1. The natural product willardiine is an AMPA receptor agonist. We have examined the structural changes required to convert willardiine into an antagonist at AMPA and kainate receptors. Structure-activity analysis has been carried out to discover the structural features required to increase the potency and/or selectivity of the antagonists at AMPA or kainate receptors. 2. Reduction of the fast component of the dorsal root-evoked ventral root potential (fDR-VRP) has been used to investigate AMPA receptor antagonist activity. To examine antagonist activity at kainate receptors, the ability of compounds to depress kainate-induced depolarisations of dorsal root fibres was assessed. 3. Blocking ionisation of the uracil ring by adding a methyl group to the N(3) position was not sufficient to convert willardiine into an antagonist. However, willardiine derivatives with a side-chain bearing a carboxylic acid group at the N(3)-position of the uracil ring could antagonise AMPA and kainate receptors. 4. S stereochemistry was optimal for antagonism. When compounds with differing interacidic group chain lengths were compared, a group chain length of two methylene groups was preferable for AMPA receptor antagonism in the series of compounds bearing a carboxyalkyl side chain (UBP275, UBP277 and UBP279 reduced the fDR-VRP with IC(50) values of 287+/-41, 23.8+/-3.9 and 136+/-17 micro M, respectively). For kainate receptor antagonism, two or three methylene groups were almost equally acceptable (UBP277 and UBP279 reduced dorsal root kainate responses with apparent K(D) values of 73.1+/-4.5 and 60.5+/-4.1 micro M, respectively). 5. Adding an iodo group to the 5-position of UBP277 and UBP282 enhanced activity at kainate receptors (UBP291 and UBP301 antagonised kainate responses on the dorsal root with apparent K(D) values of 9.83+/-1.62 and 5.94+/-0.63 micro M, respectively). 6. The most useful antagonist identified in this study was UBP301, which was a potent and approximately 30-fold selective kainate receptor antagonist. UBP282 may also be of use in isolating a non-GluR5-mediated kainate response.

Figure 1

Structure of willardiine and a number of new derivatives.

Figure 2

Concentration–response curves for the reduction of the fDR-VRP by UBP275, UBP277 and UBP279. The IC₅₀ values were 287±41, 23.8±3.9 and 136±17 μM, respectively (n=3; mean±s.e.m.).

Figure 3

(a) Concentration–response curves for the reduction of the fDR-VRP by UBP290, UBP291 and UBP277. The IC₅₀ values were 79.9±15.9, 13.7±1.7 and 23.8±3.9 μM, respectively (n=3; mean±s.e.m.). (b) Concentration-response curves for the reduction of the fDR-VRP by UBP282 and UBP301. The IC₅₀ values were 10.3±2.4 and 164±25 μM, respectively (n=3; mean±s.e.m.).

Figure 4

(a) Concentration–response curves for kainate on the dorsal root in the absence and presence of 100 μM UBP277. The apparent K_D value was 73.1±4.5 μM (n=3; mean±s.e.m.). (b) Concentration–response curves for kainate in the absence and presence of 100 μM UBP279. The apparent K_D value was 60.5±4.1 μM (n=3; mean±s.e.m.).

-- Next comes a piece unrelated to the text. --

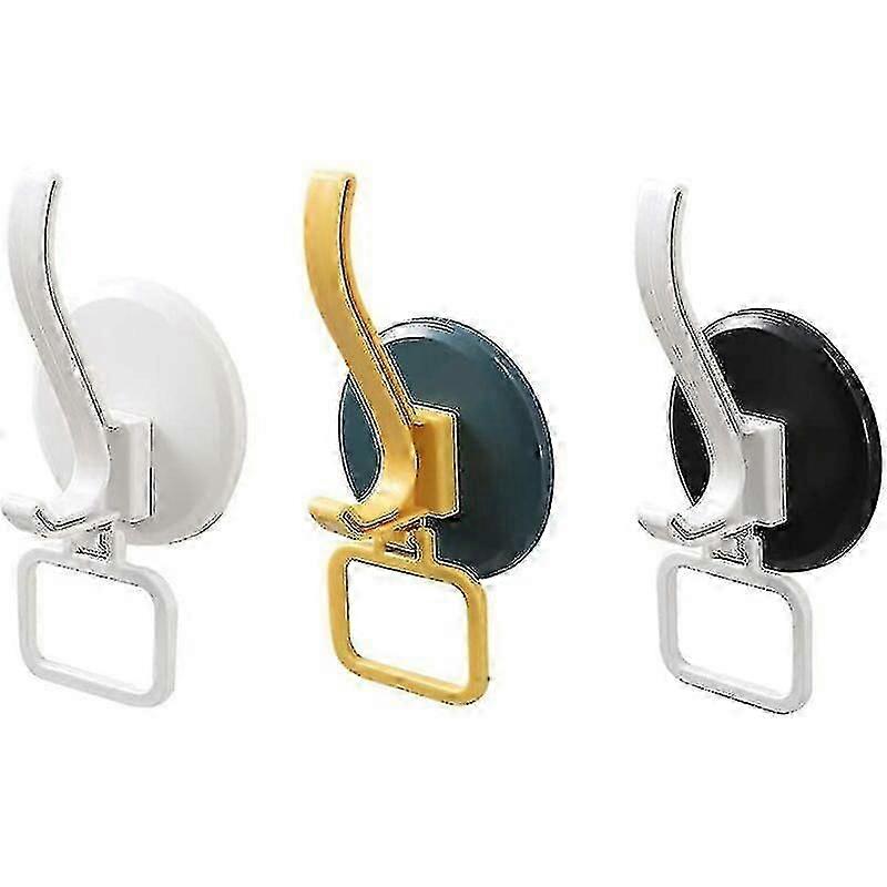Self Adhesive Hooks 3 Pieces, Robe Bath Towel Hooks, Plastic Wall Hanger Waterproof (white Blue Black)

To normalise the data, responses were analysed as the percentage of the response to 30 μM kainate in the absence of antagonist.

Figure 5

Concentration–response curves for kainate on the dorsal root in the absence and presence of 100 μM UBP291. The apparent K_D value was 9.83±1.62 μM (n=3; mean±s.e.m.). To normalise the data, responses were analysed as the % of the response to 30 μM kainate in the absence of antagonist.

Figure 6

Concentration–response curves for kainate on the dorsal root in the absence and presence of 50 μM UBP301. The apparent K_D value was 5.94±0.63 μM (n=3; mean±s.e.m.). To normalise the data, responses were analysed as the percentage of the response to 30 μM kainate in the absence of antagonist.